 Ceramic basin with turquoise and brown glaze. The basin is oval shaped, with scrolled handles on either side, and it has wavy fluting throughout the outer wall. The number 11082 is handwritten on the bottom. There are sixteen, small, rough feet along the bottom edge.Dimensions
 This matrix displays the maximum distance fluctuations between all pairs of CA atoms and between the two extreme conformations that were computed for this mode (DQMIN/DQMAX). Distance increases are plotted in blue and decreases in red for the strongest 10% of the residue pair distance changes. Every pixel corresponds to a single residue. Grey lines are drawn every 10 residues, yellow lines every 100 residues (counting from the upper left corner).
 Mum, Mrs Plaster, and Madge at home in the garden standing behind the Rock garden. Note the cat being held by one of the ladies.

---

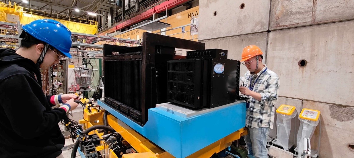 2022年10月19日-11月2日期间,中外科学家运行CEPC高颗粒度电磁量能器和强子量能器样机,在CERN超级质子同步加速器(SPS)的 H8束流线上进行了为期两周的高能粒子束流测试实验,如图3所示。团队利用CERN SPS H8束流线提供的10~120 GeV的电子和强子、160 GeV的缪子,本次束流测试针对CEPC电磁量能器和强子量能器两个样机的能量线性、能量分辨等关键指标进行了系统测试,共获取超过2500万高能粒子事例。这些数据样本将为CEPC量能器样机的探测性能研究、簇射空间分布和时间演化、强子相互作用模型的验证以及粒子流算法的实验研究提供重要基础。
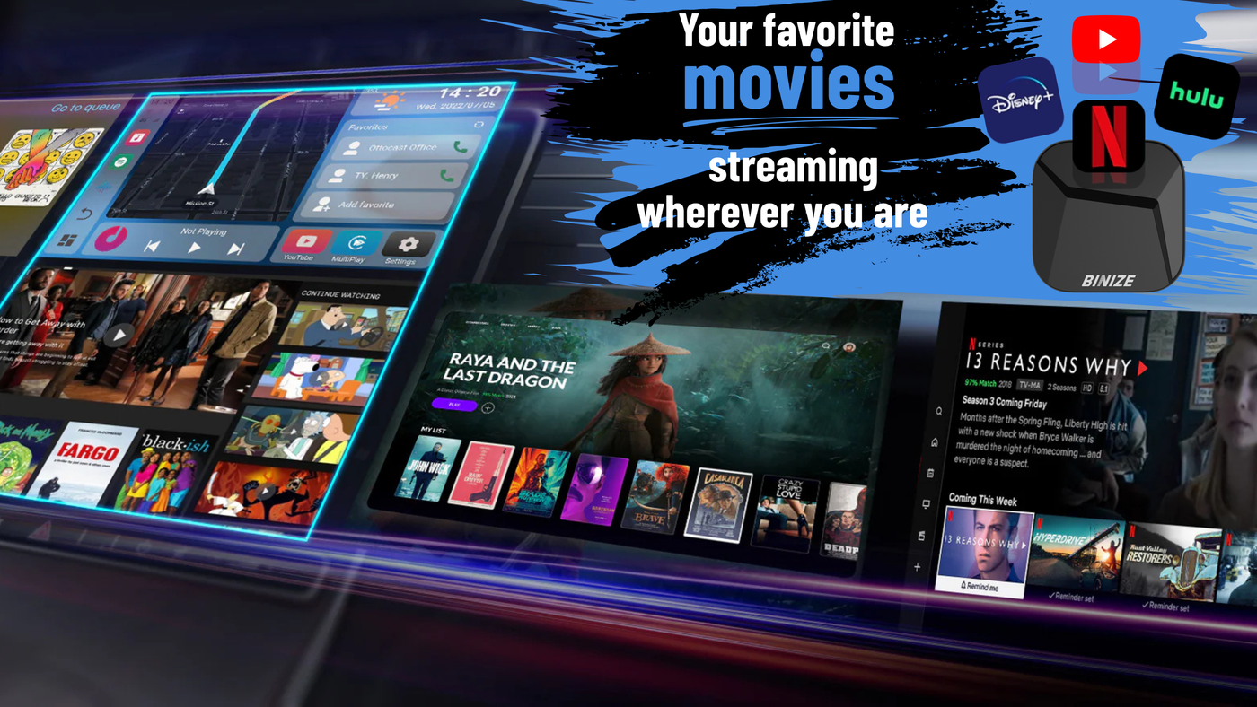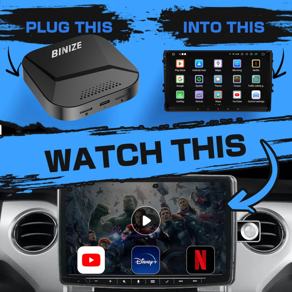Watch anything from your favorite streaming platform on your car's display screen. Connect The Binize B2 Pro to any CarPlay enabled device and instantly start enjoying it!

> _WHAT TO DO_
Go back to the listing above and reproduce, exactly, the stretch from the line bearing "H8束流线上进行了为期两周的高能粒子束流测试实验,如图3所示。团队利用CERN SPS H8束流线提供的10~120" through the line bearing "Watch anything from", without its pictures.

> _RESULT OF THIS TASK_
 2022年10月19日-11月2日期间,中外科学家运行CEPC高颗粒度电磁量能器和强子量能器样机,在CERN超级质子同步加速器(SPS)的 H8束流线上进行了为期两周的高能粒子束流测试实验,如图3所示。团队利用CERN SPS H8束流线提供的10~120 GeV的电子和强子、160 GeV的缪子,本次束流测试针对CEPC电磁量能器和强子量能器两个样机的能量线性、能量分辨等关键指标进行了系统测试,共获取超过2500万高能粒子事例。这些数据样本将为CEPC量能器样机的探测性能研究、簇射空间分布和时间演化、强子相互作用模型的验证以及粒子流算法的实验研究提供重要基础。
Watch anything from your favorite streaming platform on your car's display screen. Connect The Binize B2 Pro to any CarPlay enabled device and instantly start enjoying it!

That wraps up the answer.